Statistical analysis of time series

The collection of observations or realisations that make up a time series: let’s say \(n\) random variables observed at arbitrary time points \(t_{1}, ..., t_{n}\) can be completely described by the joint distribution function. This function is then evaluated as the probability that the values of the series are jointly less than the \(n\) constants \(c_{1}, ..., c_{n}\).

\[ F_{t_{1}, t_{2}, .., t_{n}} (c_{1}, c_{2}, ... c_{n}) = Pr(x_{t_{1}} \leq c_{1}, x_{t_{2}} \leq c_{2}, ..., x_{t_{n}} \leq c_{n}) \]

Nevertheless this function is of little practical value in the analysis we are interested in performing. The marginal distribution and density functions, when they exist, are informative when looking at the marginal behaviour of a series.

\[ F_{t}(x) = P\{ x_{t} \leq x\} \;\;\;\;\;\; ; \;\;\;\;\;\; f_{t}(x) = \frac{\partial F_{t}(x)}{\partial x} \]

The main metrics that we will discuss (and mostly show a practical example), are the following:

These are fundamental when talking about stationary time series.

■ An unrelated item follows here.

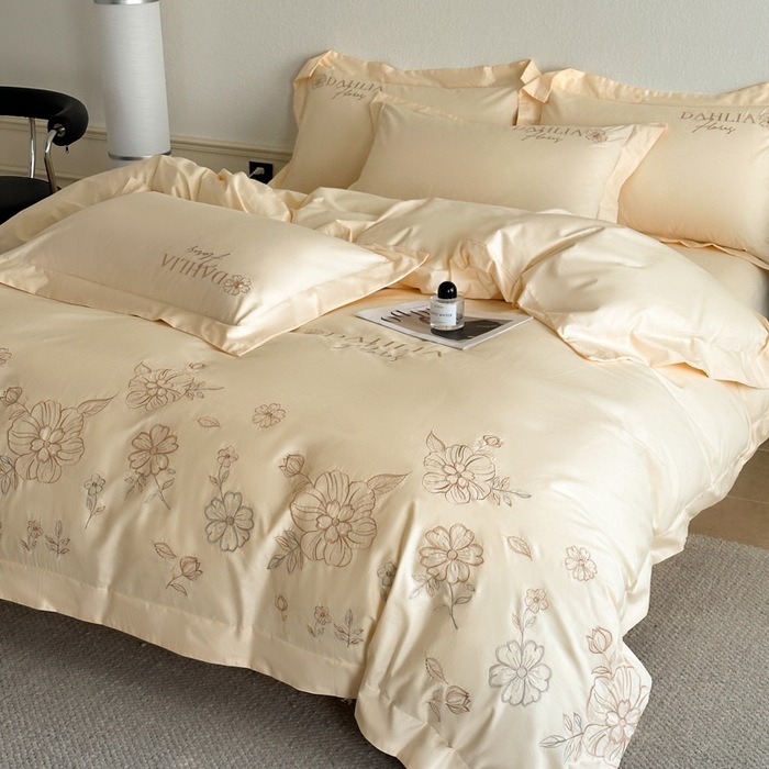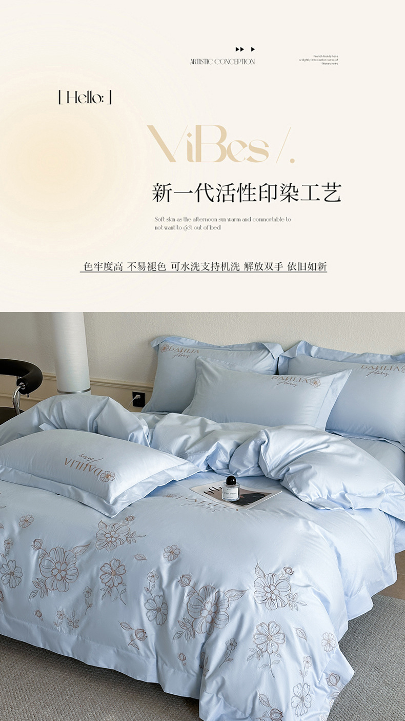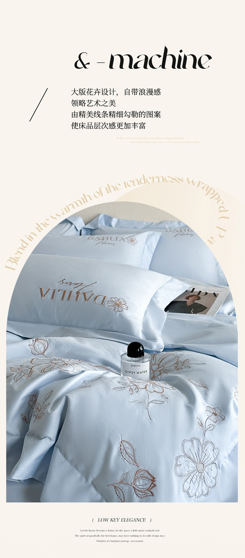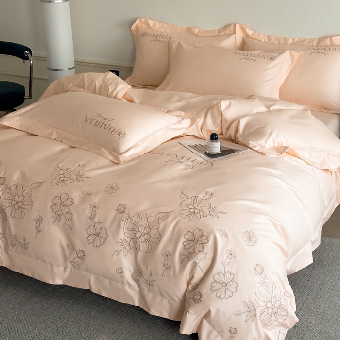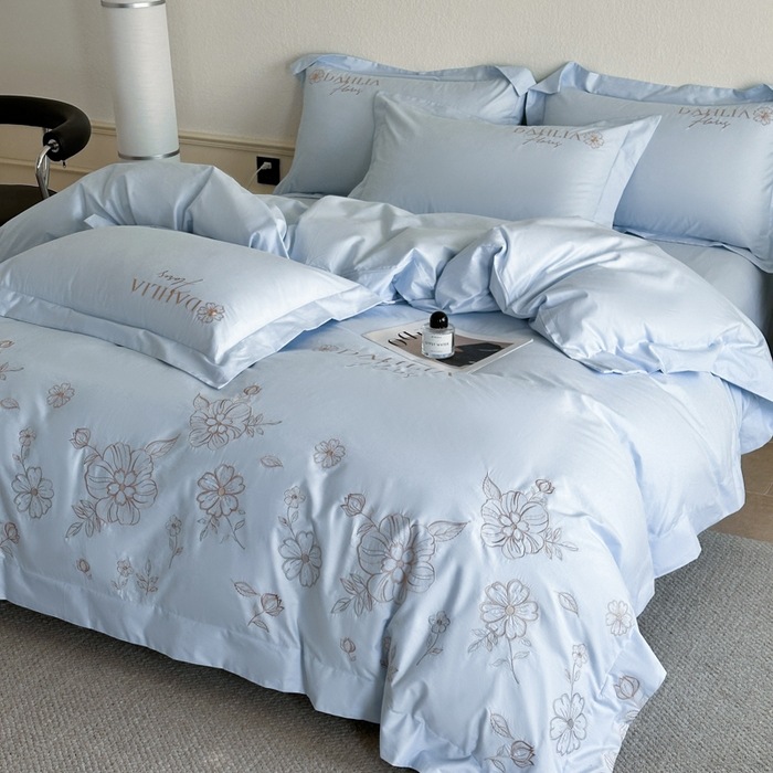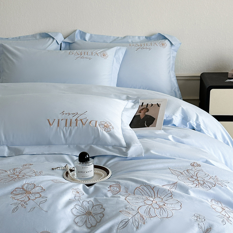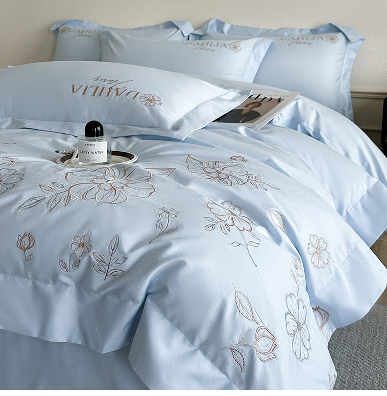 가벼운 럭셔리 신장 긴 스테이플 면화 자수 절묘한 자수 공예 4 피스 세트 퓨어 코튼 표준 침대 시트 퀼트 커버
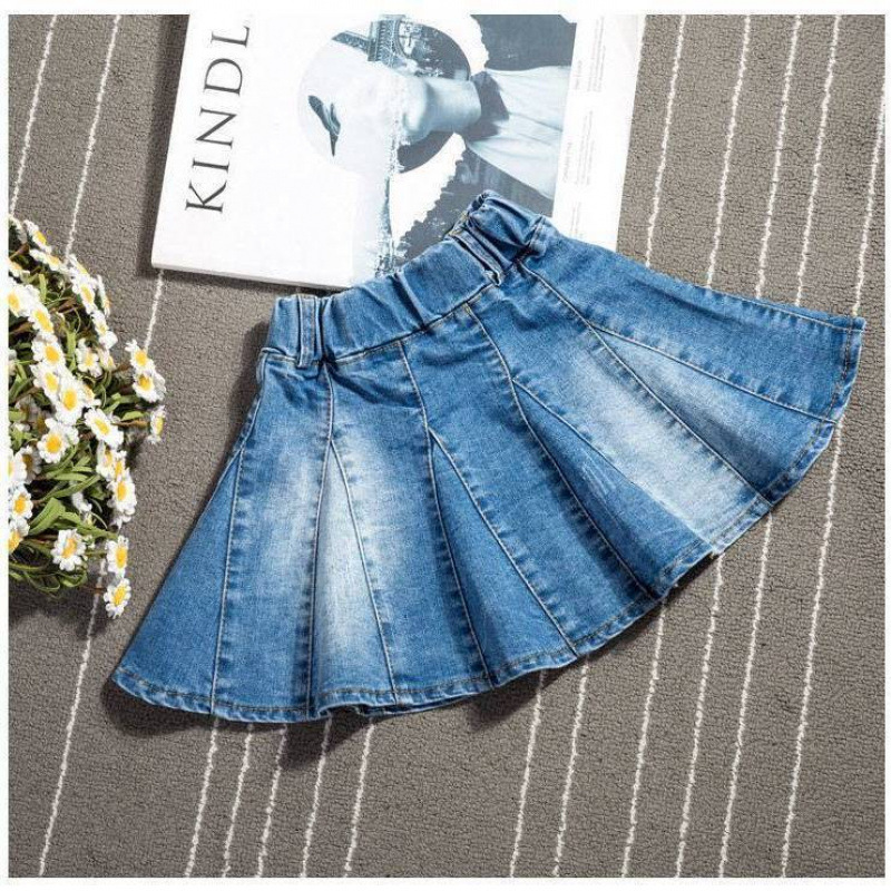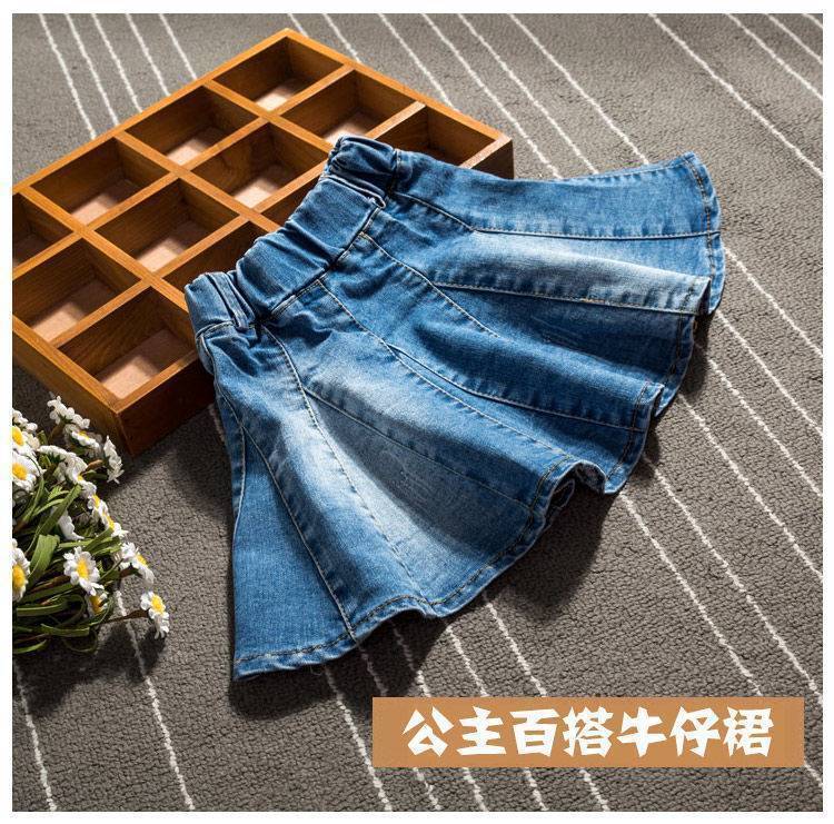 여아 스커트 봄과 가을 신작 아동복 데님 스커트 아동 스커트 한국식 짧은 스커트 중대형 아동용 베이비 플리츠 스커트

This concept will be defined, perhaps in another chapter, to enhance future understanding of models and their underlying assumptions. Note that each one will have its general definition (for the population and the sample).

Mean function

This is analogue to our traditional expected value operator. Note that when there is no confusion, the subscript \(x\) becomes redundant.

\[ \mu_{xt} = E(x_{t}) = \int_{-\infty}^{\infty}xf_{t}(x)dx \]

When estimating this population mean, the default statistic is the sample mean. In other words we are implying \(E(\bar{x}) = \mu\). It is defined as follows:

\[ \bar{x} = \frac{1}{n}\sum_{t=1}^{n}x_{t} \]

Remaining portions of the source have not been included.